His work with the LGBTQ+ Community
In 2014 his sojourn into helping the LGBTQ+ community in Nigeria began when he became a program officer offering free legal aid and HIV/sensitization to sexual minorities in rural communities in Nigeria. Being in the forefront exposed to him the realities of the situation at hand.
"I never realized how difficult it was to be a member of the Nigerian LGBTQ+ community before I started this job," he told the site
"When I sat in this role, I discovered the reality of being a member of this community, receiving calls daily of people being blackmailed and mob attacks" he also stated.
"It resonated with me that almost all members of the Nigerian LGBTQ+ community experienced the difficulty in being acknowledged as human, this empathy for the community pushed me into being a better advocate. Being of the community and living in the community, is different from not being a member of the community and working for the community" Edafe Okporo also explained.
LGBTQ+ stands for Lesbian, Gay, Bi-sexual, Transgender, Queer or Questioning. The + sign stands for 'more' such as pansexual, asexual, gender queer amongst others. LGBTQ+ is the umbrella term used to represent non-heterosexual people. The initials keep evolving to accommodate more types of people.
Speaking to Arise America in 2018, Edafe Okporo narrated how his front line experiences with homophobia, "In 2014 when the anti-gay law was passed in Nigeria, there was a prevalence of HIV/AIDS among gay men. This became a crisis."
Alleged gay men were beaten in the state capital after the passing of the homophobic law. Non-state actors took the laws into their hands.
Edafe Okporo created a non-profit in Abuja for gay men to access health care services. It wasn't a smooth ride as he suffered constant persecution from the government. Three months before he left Nigeria, his organization was raided by the environmental protection agency in Abuja.
How he nearly died
In 2014, when the Same Sex Marriage (Prohibition) Act 2013 was passed, Edafe Okporo was assaulted in his home state. After picking up his NYSC call-up letter in Enugu, Okporo was on his way back to Delta.
He arrived Asaba late in the night and decided to sleep in the motor park. A friend of his, however, provided accommodation in his home.
"The address he sent me was in Ibuzor, Delta State, a town very close to Asaba but not actually in Asaba. I got off the bus, which took about fifteen minutes from Asaba to Ibuzor, and called him. He sent an Okada to pick me up.

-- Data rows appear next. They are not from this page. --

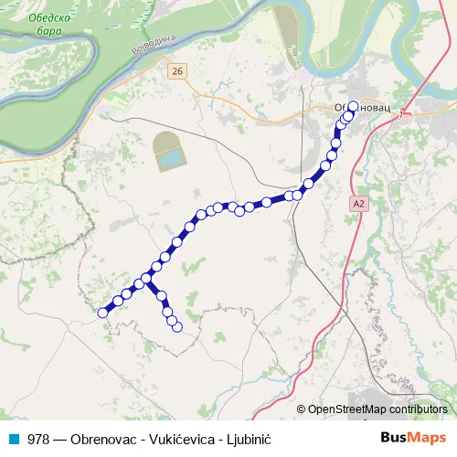The first stop of the 978 bus route is Ljubinić - okretnica and the last stop is Obrenovac As. 978 (Obrenovac - Vukićevica - Ljubinić) is operational during everyday.
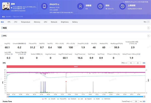 在《原神》60帧+极高画质设置下,iQOO Pad2 Pro在半小时跑图测试中,平均帧率达到了60.1帧;
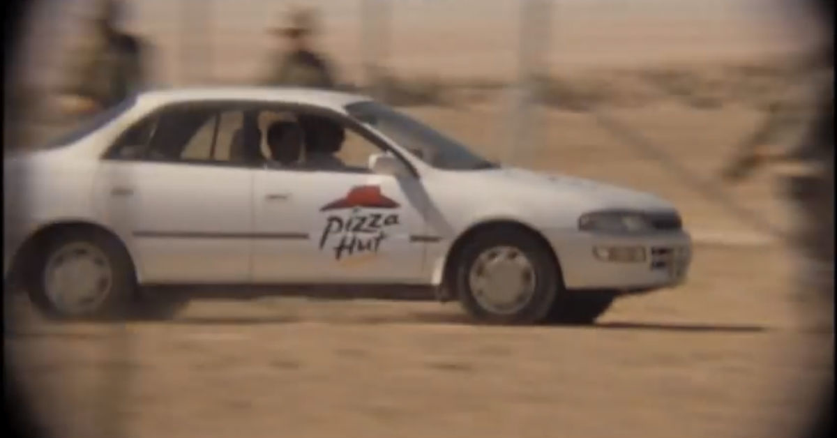 This sometimes comes up in movies and TV, like in Generation Kill, when 20 cars showed up at the wire filled with Pizza Hut while the Marines were waiting for the invasion of Iraq to begin. Driver and comedian Ray Person immediately calls it,

The guy on the motorcycle drove me into the dark—as usual, a small community with no electricity and with few lampstands—but my mind was not troubled because that was a usual setting in most Nigerian villages" he recounted.

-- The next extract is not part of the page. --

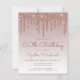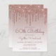 Diese trendige Einladung zum 60. Geburtstag bietet eine funkelnd Rose Gold Imitate Glitzer Tropfen Rand und mehr Hintergrund. Die Worte "60. Geburtstag" und der Name des Ehrengast erscheinen in der lässigen Handschrift der dunklen Rose, mit der Erholung des anpassbaren Textes in serifenlosen Sans-Schriftart. Die gleiche Rose Gold Glitzer Tropfen Design erscheint auf der Rückseite.

It was a trap. "Then the next sound I heard was a slap in my face. 'Hey, get down from the Okada, bloody faggot.'" A gang of four men used sticks to beat him and threw stones at him also.

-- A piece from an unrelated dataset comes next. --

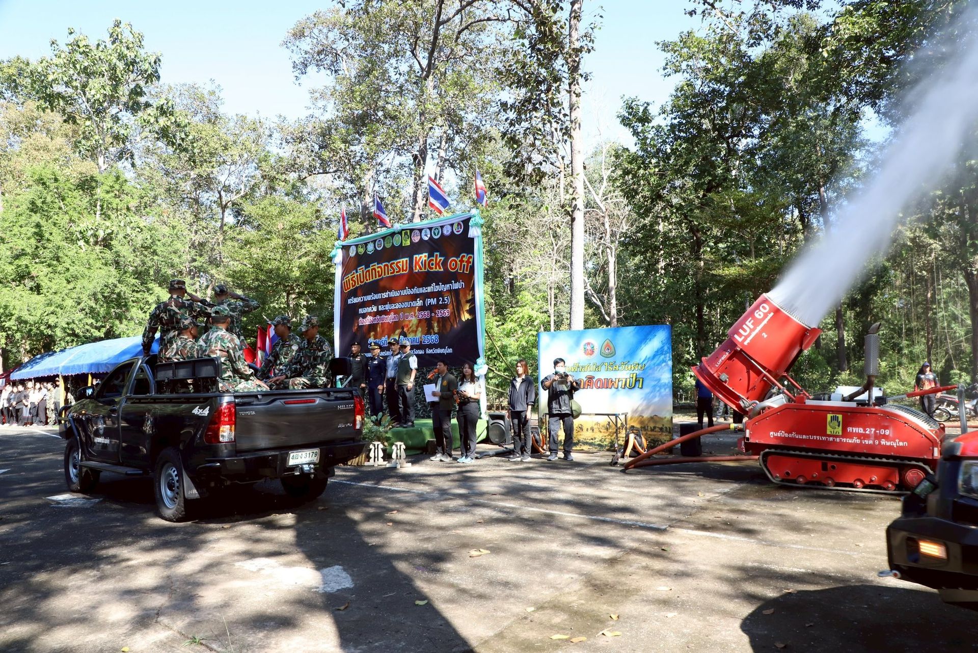 นาวาอากาศเอก พนม ดอนตุ้มไพร ผู้บังคับการกองบิน 46 มอบหมายให้ นาวาอากาศเอก นพดล เหล่ากอ ประจำกองบิน 46 รักษาราชการ หัวหน้าแผนกขนส่งกองบิน 46 ร่วมจัดกิจกรรมรณรงค์ประชาสัมพันธ์ Kick Off การป้องกันและแก้ไขปัญหาไฟป่า หมอกควัน และฝุ่นละอองขนาดเล็ก (PM 2.5) โดยมีวัตถุประสงค์เพื่อสร้างความตระหนักรู้และขอความร่วมมือจากประชาชนในพื้นที่ให้ปรับเปลี่ยนพฤติกรรม ตลอดจนเข้ามาเป็นเครือข่ายช่วยเฝ้าระวังร่วมกับภาครัฐ เพื่อให้การป้องกันหมอกควันและฝุ่นละอองในพื้นที่ประสบผลสำเร็จอย่างเป็นรูปธรรม

"I was not afraid because I thought, I have met my doom. This would be the last day my parents would see me, my family who was happy that the last child had broken the curse and was going for NYSC. All hope of my family having a child with a college degree had been lost because of my identity" said Edafe Okporo.
After beating him, they pushed him to the road for a truck to run him over. The leader of the gang left him with these words "This will teach him a very good lesson, bloody faggot."
Edafe Okporo did not die. He continued doing his work in the LGBTQ+ community which did not go unnoticed. In October 2016, he won the Omololu Falobi award for his contribution to Public Health and Equality.
With the good also came the bad. As a human rights activist working for the first LGBTI organization that provides services for gay men, he was a constant target for homophobes.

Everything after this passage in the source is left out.